2. the IP section of China of 124.220.0.0～124.240.191.155 is divided according to the standard of [20000,30000].Because the IP of the first step is included within this segment limit, therefore, in fact this IP section has been cut into two discontinuous IP sections by the first step, is 124.220.0.0～124.225.255.255 and 124.228.0.0～124.240.191.155.As shown in table 2:

The partition table of table 2.IP section 124.220.0.0～124.240.191.155

Can be seen that by table 2 finally this big IP section has been split into 62 segments, except the 20th section and the 62nd section, remaining each section comprises IP20000.And if these two special segments merge itself and a last section of closing on, just surpassed the constraint of maximum no more than 30000 IP, therefore, it is not merged, become two independently sections separately.

3. the IP section in each different range is divided according to method of the present invention, 3841 subregions of final acquisition, each subregion or comprise 5000 IP of this area, maximum is no more than 8000, perhaps comprise 20000 domestic other regional IP, maximum is no more than 30000, perhaps comprises a complete external IP section, and quantity without limits.

Adopt subregion implementation method of the present invention, in the actual enforcement project of IP as the subregion key, final this table can logging data subregion reached 2135, the data coverage rate of subregion (being the number percent that the subregion number that has data accounts for the subregion sum) has brought up to present 55.6% by former 4.8%.And reach in 3,000 ten thousand in this table data volume, carrying out the time that 3,000 ten thousand batch data upgrades only needed about 20 minutes, created the time of table compared to existing technology, had shortened 33% at least, had improved speed.

Experiment showed, that technical scheme of the present invention can be implemented in the adaptive dynamic range division of Range subregion under the varying environment preferably, make each subregion that is distributed in tables of data of data balancing, optimize performance, storage organization and the query performance of data loading.
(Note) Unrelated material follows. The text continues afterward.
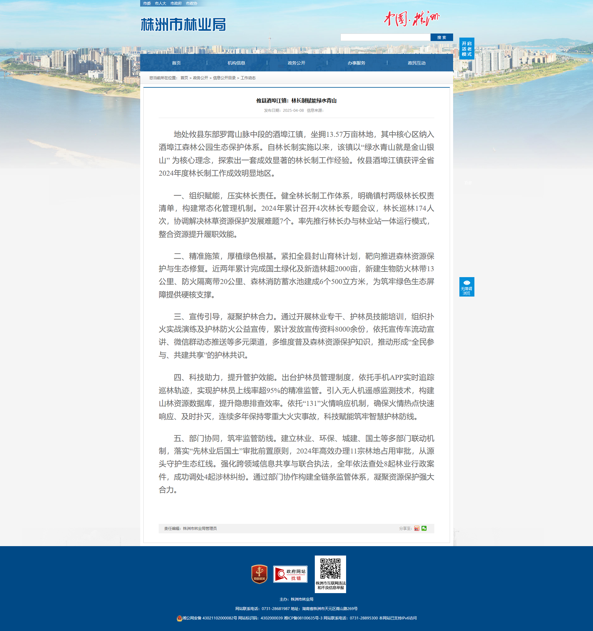 一、组织赋能,压实林长责任。健全林长制工作体系,明确镇村两级林长权责清单,构建常态化管理机制。2024年累计召开4次林长专题会议,林长巡林174人次,协调解决林草资源保护发展难题7个。率先推行林长办与林业站一体运行模式,整合资源提升履职效能。

Above-mentioned its purpose of disclosed embodiment of the present invention is to help to understand content of the present invention and implement according to this.The present invention should not be limited to the disclosed content of this instructions most preferred embodiment, and the scope of protection of present invention is as the criterion with the scope that claims define.

Claims

1. method by adaptive Range subregion storage mass data, its step comprises:

1) obtain the various level range information of mass data, and definite level number n, n is the integer greater than 2;

2. the method for claim 1, it is characterized in that: in the step 1), the corresponding level of outermost span is 1, and the corresponding level of inferior outer field span is 2, and the rest may be inferred, the final span respective layer progression of using is n.

3. the method for claim 1, it is characterized in that: pi1 is not more than 150% of pi0.

4. the method for claim 1 is characterized in that: only subregion is carried out in the big area of number of levels, to obtain data balancing effect preferably.

5. the method for claim 1 is characterized in that: adopt the Ip address as the subregion key.